Digg is similar in some ways to Reddit, though without the same community discussion focus: users can vote for content and the more votes it gets, the more likely it is to be prominently featured.
Digg lets users submit (or “digg”) any content on the web that they like. As Digg itself describes this, “a digg is a thumbs-up – a positive vote – for a story that means you want other people to see it.”
To “digg” content, you enter the page’s URL, add a short description, and choose a category. Submitted articles will appear in the “Upcoming Articles” page: other users can choose to “digg” or “bury” those submissions if they want to.

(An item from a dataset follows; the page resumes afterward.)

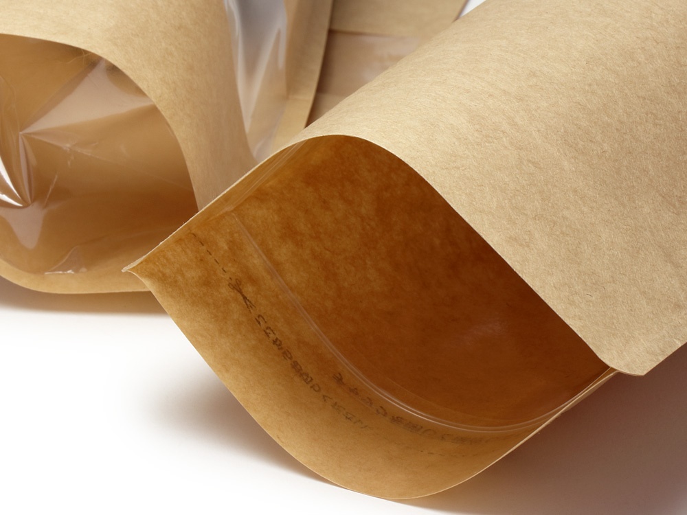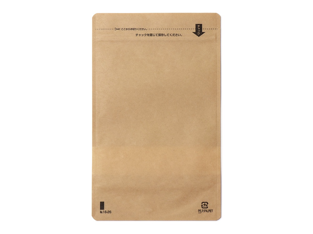 - 未晒クラフト紙を使用したスタンドチャック袋で、自然な風合いの演出が可能です。

If a submission gets a lot of diggs, it’ll appear on the Digg front page of “Popular Articles.” That piece is then likely to get a big boost in traffic, as curious Digg users visit.
You can sign up for Digg using your existing Facebook, Twitter, or Google account (Digg doesn’t have a way to sign up for an account without using one of these three services).
Digg was founded in 2004 and became particularly popular around 2007 – 2010, with lots of internet marketers advocating to use it as a way to drive website traffic. It was so popular, in fact, that an article that got lots of Diggs could end up crashing a small website due to the huge influx of traffic.
In 2010, though, a combination of factors led to Digg becoming less popular – until the company was split into pieces and sold off in 2012. The new owners of the website rebuilt Digg and, while it’s not as popular as it once was, it still has a solid user base.
It’s best not to submit your own posts to Digg too frequently: Digg frowns upon this as it can easily become spammy. Instead, encourage your website’s visitors to digg the content that they enjoy on your site. You could do this with a request at the end of key posts, or simply with sharing buttons – such as the Digg Share Button – so they can easily digg any piece they want.